Monday, October 14, 2013

For Tax Evasion, Is the Element "Tax Deficiency" or "Tax Due and Owing" (10/14/13)

The crisp answer to the question is "yes."  

Moving past cute, I provide the following that I have just added to my ongoing draft of the Federal Tax Crimes book (some footnotes omitted).
e. Tax Due and Owing. 
(1) No Tax, No Tax Evasion. 
Where there is no tax due and owing, there is no tax evasion.  Hence, tax due and owing is an element of the offense. 
I pause here to address a point of potential semantical confusion with regard to this element of the crime of tax evasion.  This element of the crime of tax evasion is often articulated as requiring a “tax deficiency” rather than a “tax due and owing.”  What’s the difference?  Deficiency is a term of art in the tax code, which defines deficiency as meaning the tax that is due less the tax that is owed. n164  As thus defined and employed elsewhere in the Code itself, deficiency is essentially a civil tax term of art.  I have been concerned that the use of the term tax deficiency could sow unnecessary confusion with its more common use in the civil context.  I recognize that my concern is perhaps only a semantical quibble.  Elements of all crimes must be proved beyond a reasonable doubt.  Hence, this element must be proved beyond a reasonable doubt.  So, when the Government puts on evidence of the “tax deficiency” to meet that burden in an evasion case, it will not – or should not – put on evidence of the portion of the civil tax deficiency that it cannot prove beyond a reasonable doubt.  Stated otherwise, this element of the crime of tax evasion is only the portion of the civil tax deficiency that the Government can prove beyond a reasonable doubt that the taxpayer intended to evade. n165  In that sense, the use of the term tax deficiency would be correct because of the role of the burden to prove the deficiency beyond a reasonable doubt.  For purposes of this text, however, I prefer to use the term tax due and owing as a term of art meaning only the portion of the tax deficiency that, as proved beyond a reasonable doubt, the taxpayer intended to evade.  While even the term “tax due and owing” is not descriptive of the criminal concept because, read literally, it could mean the same as tax deficiency; still, as I understand that term, it has become a term of art in the tax evasion context, although I recognize that tax deficiency is also used as a term of art for this element of tax evasion. n166  Still, I prefer to avoid the use of tax deficiency because the term tax due and owing is not commonly used in any potentially confusing context.
   n164 This is a fair summary of § 6211(a) for present purposes.[§ 6211(a) is here.]
   n165 This concept of dividing the tax deficiency between the portions attributable to tax evasion and not attributable to tax evasion is recognized § 6663, the civil penalty counterpart to § 7201 evasion.  Section 6663 imposes the civil fraud penalty only on the portion of the tax attributable to fraud.  So too, as I shall explain, only the portion of the tax deficiency attributable to evasion meets this element of tax evasion.
   n166 I did a LEXIS-NEXIS federal court search in the combined federal court cases database on “7201 w/20 ‘tax due and owing’” and received 73 hits, most of which used the term tax due and owing in this sense.  E.g.
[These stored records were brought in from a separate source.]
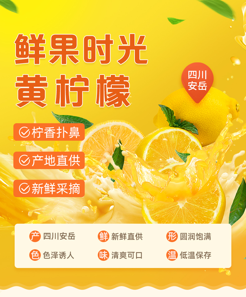 四川安岳黄柠檬大果实惠装3斤/5斤装【新鲜水果】佳沃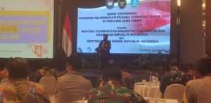Surabaya, jatim.kpu.go.id- Ketua Komisi Pemilihan Umum Provinsi Jawa Timur (KPU Jatim), Choirul Anam menegaskan KPU Jatim siap menyukseskan penyelenggaraan Pemilihan Serentak Lanjutan Tahun 2020. Hal ini disampaikan dalam forum Rapat Koordinasi Kesiapan Pelaksanaan Pilkada Serentak Tahun 2020 di Provinsi Jawa Timur yang dihadiri Menkopolhukam, Mahfud MD dan Mendagri Tito Karnavian di hotel JW Marriot Surabaya (Jum’at, 26/6).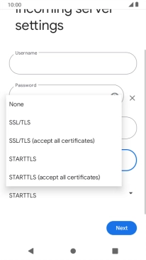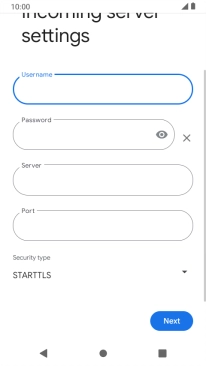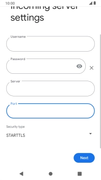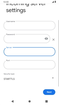 Press the field below "Server" and key in the name of your email provider's incoming server.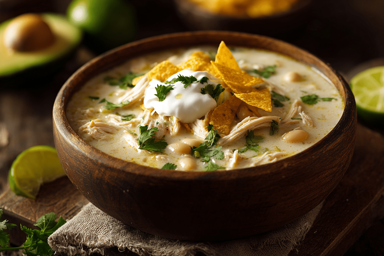 A creamy, protein-rich white chicken chili made with tender chicken, white beans, green chilies, and Greek yogurt for a lightened-up comfort food favorite.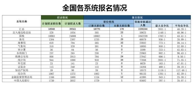 在15个系统中平均竞争比最大的三个系统为知识产权局、水利部门、统计局,平均竞争比分别是117.48:1、90.43:1、71.35:1。目前国考的过审平均竞争比为40.20:1。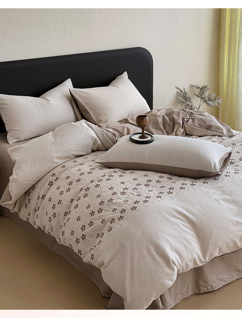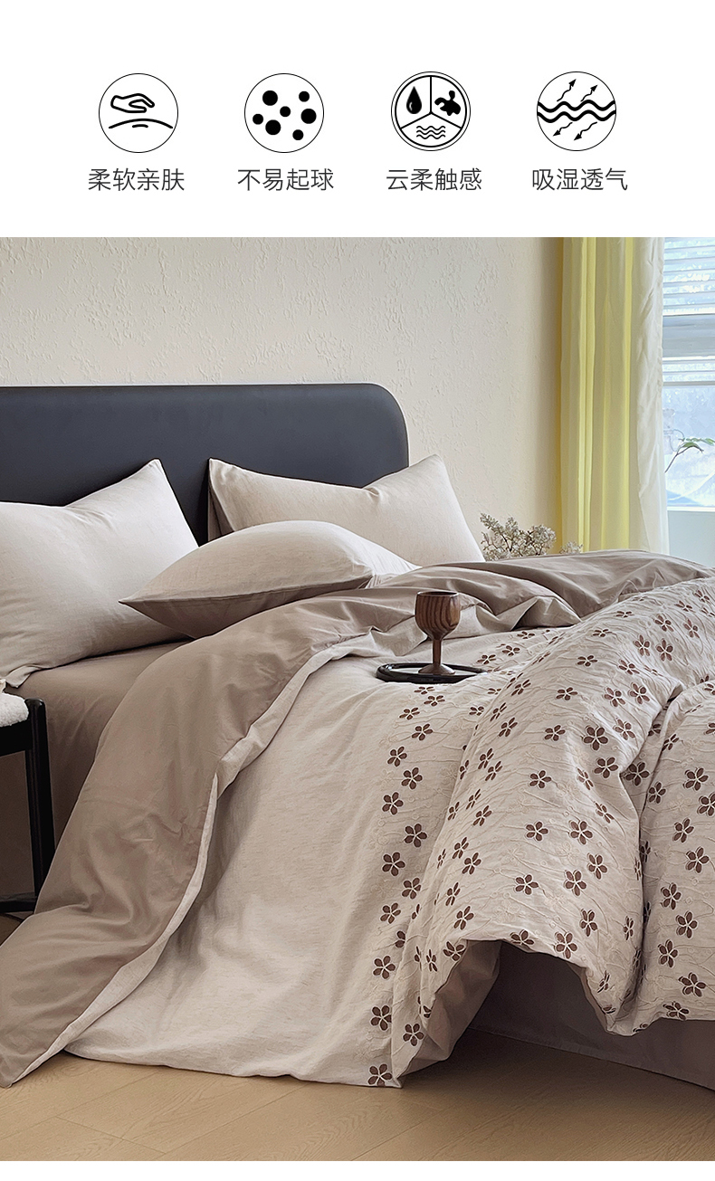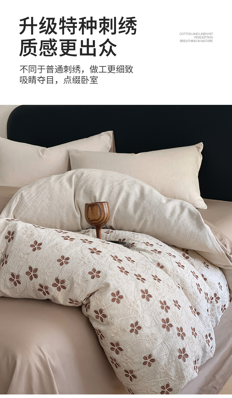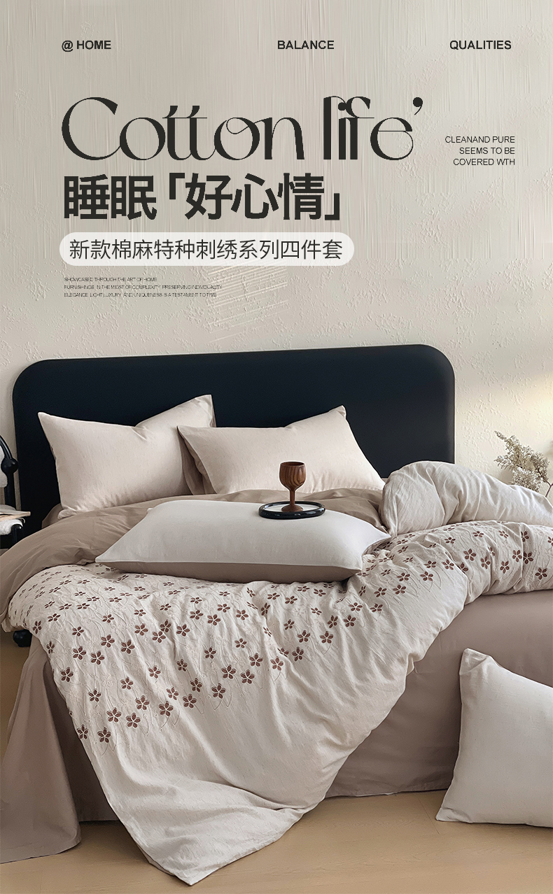 (总)琪格格纺织 2026新款棉麻特种刺绣高奢四件套,屿光漫织,月移花影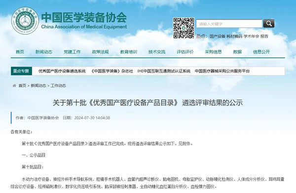 2024年7月30日,由中國醫學裝備協會組織的第十批《優秀國產醫療設備產品目錄》遴選評審工作已完成,評審結果開放公示。由南京科進實業有限公司自主研發生產的動脈硬化檢測儀、人體成分分析儀全系產品成功入選!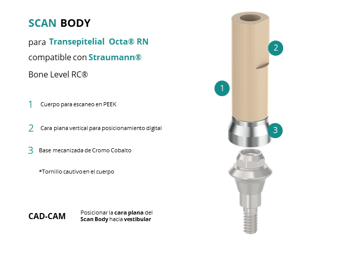 Scan Body para Transepitelial Octa® RN compatible con Straumann® Bone Level RC®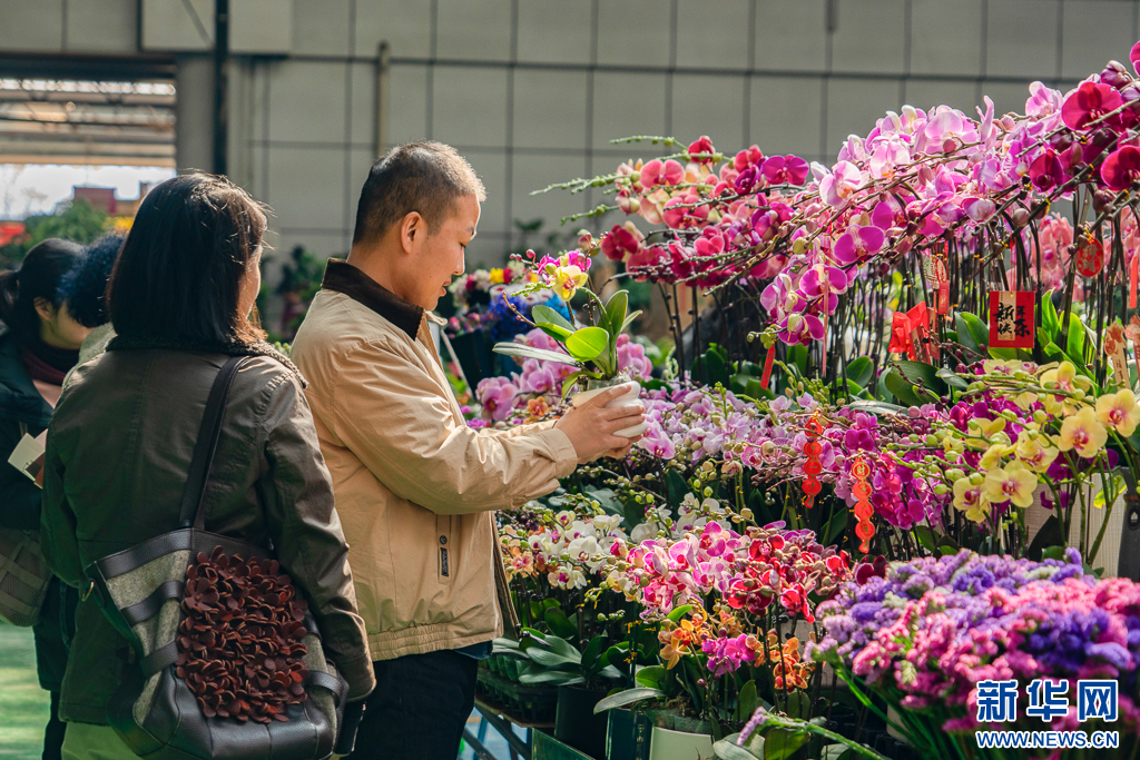 選購花卉的顧客(1月19日攝)。新華網發(鄭益 攝)

United States v. Farr, 536 F.3d 1174, 1181 (10th Cir. 2008) (“ the first element of Section 7201 -- a substantial tax due and owing”).  None of the cases were Supreme Court cases.  I did the same search for tax deficiency (substituting “tax deficiency” for “tax due and owing”) and obtained 277 hits, quite a bit more, and several of the cases were Supreme Court cases.  E.g., Boulware v. United States, 552 U.S. 421, 425 (    ) (quoting Sansone v. United States, 380 U.S. 343 (1965) as follows: “[T]he elements of § 7201 are willfulness[,] the existence of a tax deficiency, . . . and an affirmative act constituting an evasion or attempted evasion of the tax.”).